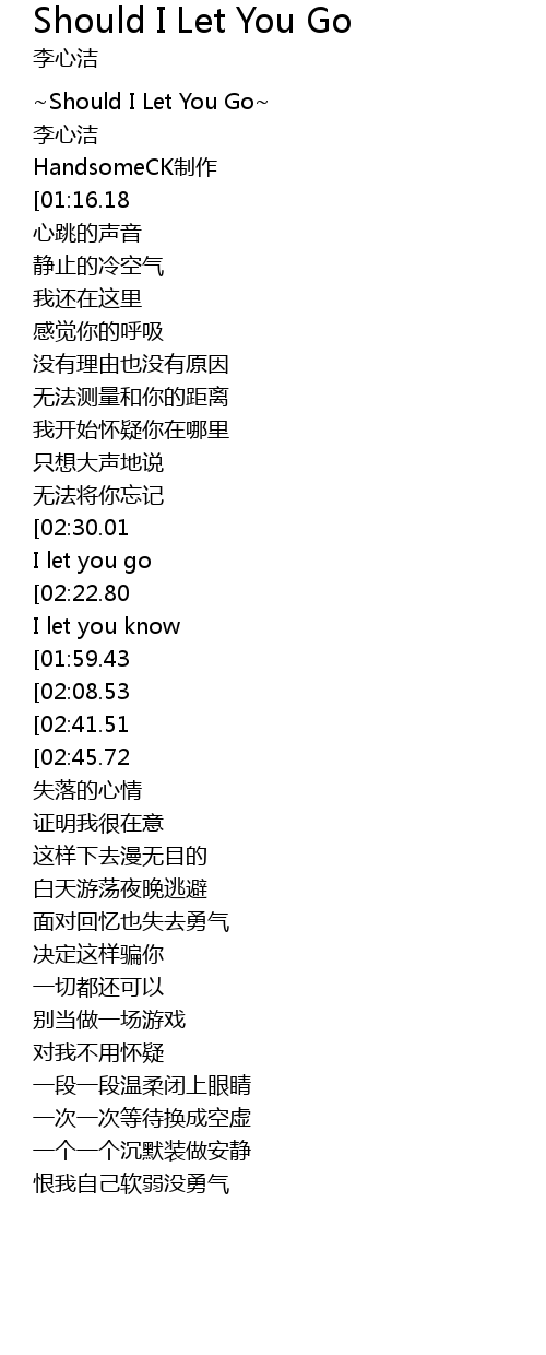 | [02:34.32][02:30.01][02:25.15][02:20.60][02:04.20][01:55.12][01:01.87][00:57.52][00:52.67][00:48.14] | Should I let you go |
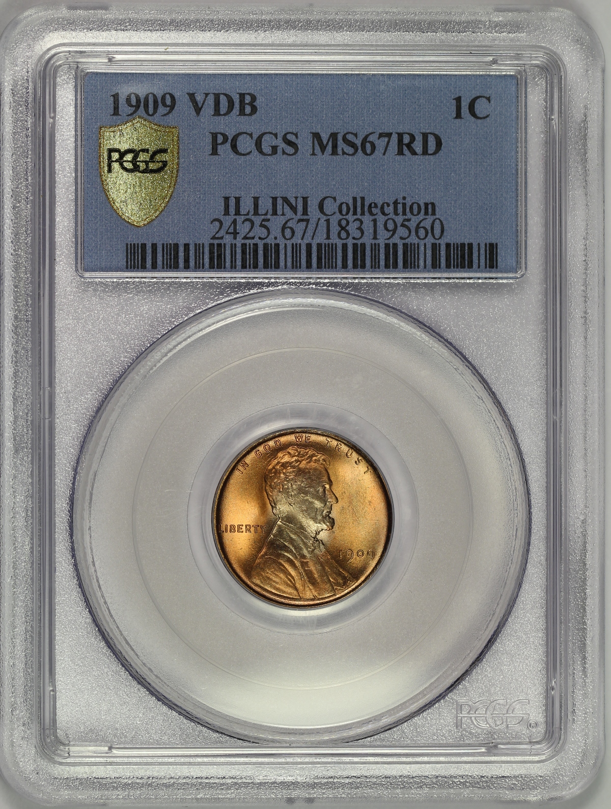 | The 1909 V.D.B. Lincoln Cent is a highly desirable first year issue as well as a one-year type coin. The first Lincoln Cents were released to the public on August 2, 1909. Very soon after their initial release, complaints were made regarding the prominent V.D.B. initials of the coin’s designer featured on the lower reverse even though other U.S. coins of the era feature the initial or initials of the designer. In response to such complaints, the Mint ordered the initials removed from the design. Although the 1909 V.D.B. Lincoln Cent is generally available in the MS67RD grade, with just over 200 examples graded by PCGS alone, the present example was carefully and patiently selected from countless examples. The coin is nearly flawless, is practically dripping with luster and is likely one of the best surviving 1909 V.D.B. Lincoln Cents. |
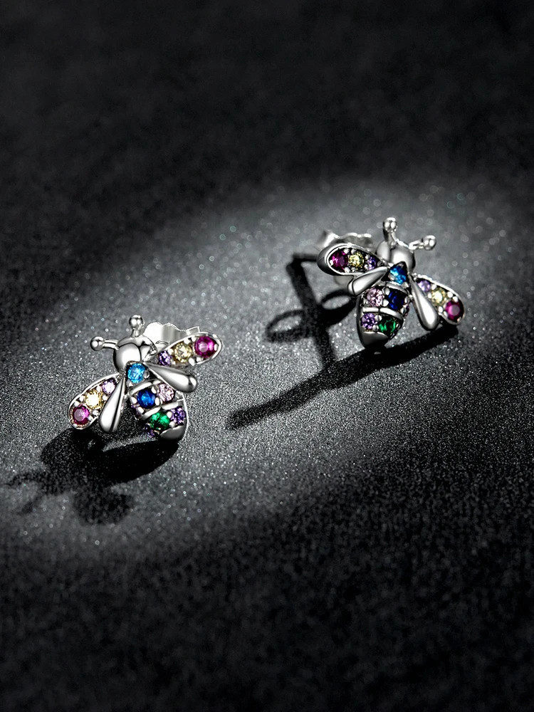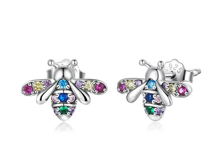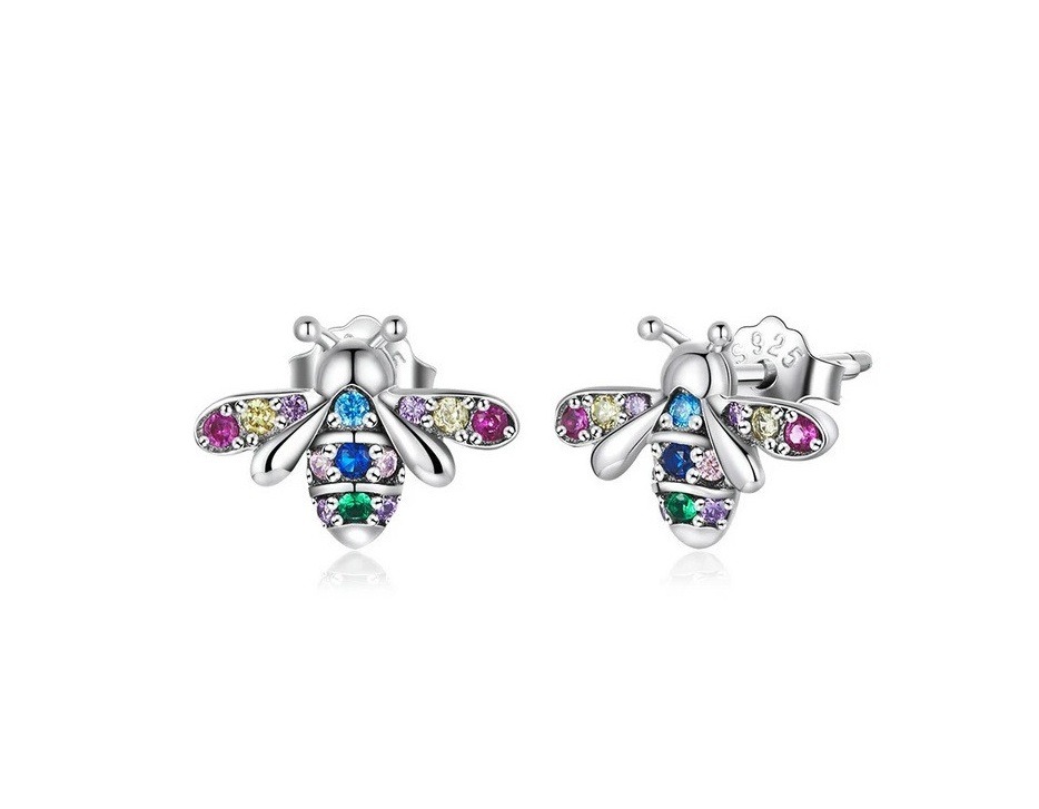 Mädchen Ohrringe Biene – 925 Silber mit bunten Zirkonia

YOUR GOAL
Everything above except the pictures needs to be reproduced exactly.

TASK RESPONSE
 | [02:34.32][02:30.01][02:25.15][02:20.60][02:04.20][01:55.12][01:01.87][00:57.52][00:52.67][00:48.14] | Should I let you go |
 | The 1909 V.D.B. Lincoln Cent is a highly desirable first year issue as well as a one-year type coin. The first Lincoln Cents were released to the public on August 2, 1909. Very soon after their initial release, complaints were made regarding the prominent V.D.B. initials of the coin’s designer featured on the lower reverse even though other U.S. coins of the era feature the initial or initials of the designer. In response to such complaints, the Mint ordered the initials removed from the design. Although the 1909 V.D.B. Lincoln Cent is generally available in the MS67RD grade, with just over 200 examples graded by PCGS alone, the present example was carefully and patiently selected from countless examples. The coin is nearly flawless, is practically dripping with luster and is likely one of the best surviving 1909 V.D.B. Lincoln Cents. |
 Mädchen Ohrringe Biene – 925 Silber mit bunten Zirkonia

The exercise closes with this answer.